Low shear stress inhibits endothelial mitophagy via caveolin-1/miR-7-5p/SQSTM1 signaling pathway.

BACKGROUND AND AIMS

Mitophagy plays a crucial role in mitochondrial homeostasis and is closely associated with endothelial function. However, the mechanism underlying low blood flow shear stress (SS), detrimental cellular stress, regulating endothelial mitophagy is unclear. This study aimed to investigate whether low SS inhibits endothelial mitophagy via caveolin-1 (Cav-1)/miR-7-5p/Sequestosome 1 (SQSTM1) signaling pathway.

METHODS

Low SS in vivo modeling was induced using a perivascular SS modifier implanted in the carotid artery of mice. In vitro modeling, low and physiological SS (4 and 15 dyn/cm, respectively) were exerted on human aortic endothelial cells using a parallel plate chamber system.

RESULTS

Compared with physiological SS, low SS significantly inhibited endothelial mitophagy shown by down-regulation of SQSTM1, PINK1, Parkin, and LC 3II expressions.
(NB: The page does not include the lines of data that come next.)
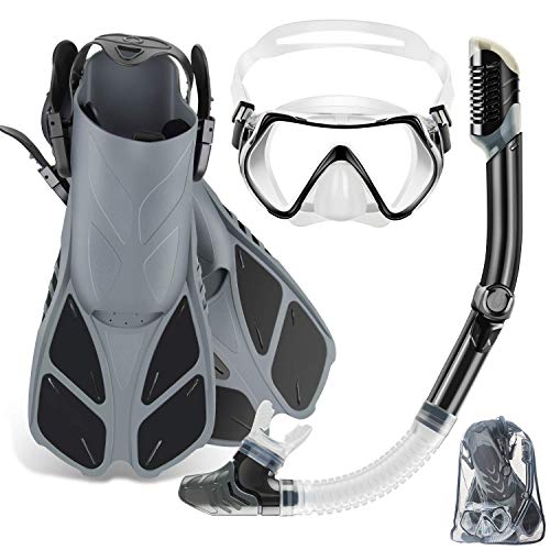 ZEEPORTE Mask Fin Snorkel Set with Snorkeling Gear Adult The ZEEPORTE snorkeling set is ideal for any recreational snorkeler. Equipped with the snorkeling fins with lightweight and compact short blade, better fit soft dive mask and adjustable dry...
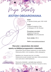 Co:  Warsztat: „Moje talenty – jestem obdarowana przez Króla”
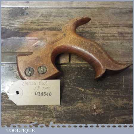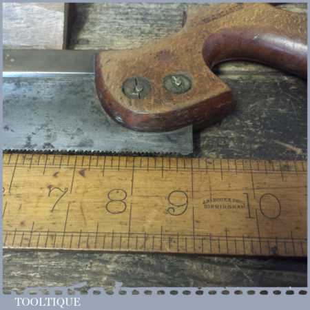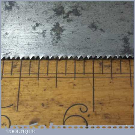 The saw has been thoroughly cleaned including under the handle, jointed, resharpened and set by hand so that all the hard work of getting an old vintage saw right has been undertaken. We do this so that the next sharpening is easier and no more than a quick freshen up would be required. Those who are familiar with sharpening will know this is no small job and requires skill, effort and time to achieve good results.

Deficient mitophagy deteriorated mitochondrial dynamics shown by up-regulation of Mfn1 and Fis1 expression and led to decreases in mitochondrial membrane potential. Cav-1 plays a bridging role in the process of low SS inhibiting mitophagy. The up-regulated miR-7-5p expression induced by low SS was suppressed after Cav-1 was silenced. The results of dual-luciferase reporter assays showed that miR-7-5p targeted inhibiting the SQSTM1 gene. Oxidative stress reaction shown by the elevation of reactive oxygen species and O and endothelial dysfunction by the decrease in nitric oxide and the increase in macrophage chemoattractant protein-1 were associated with the low SS inhibiting endothelial mitophagy process.

CONCLUSIONS

Cav-1/miR-7-5p/SQSTM1 signaling pathway was the mechanism underlying low SS inhibiting endothelial mitophagy that involves mitochondrial homeostasis impairment and endothelial dysfunction.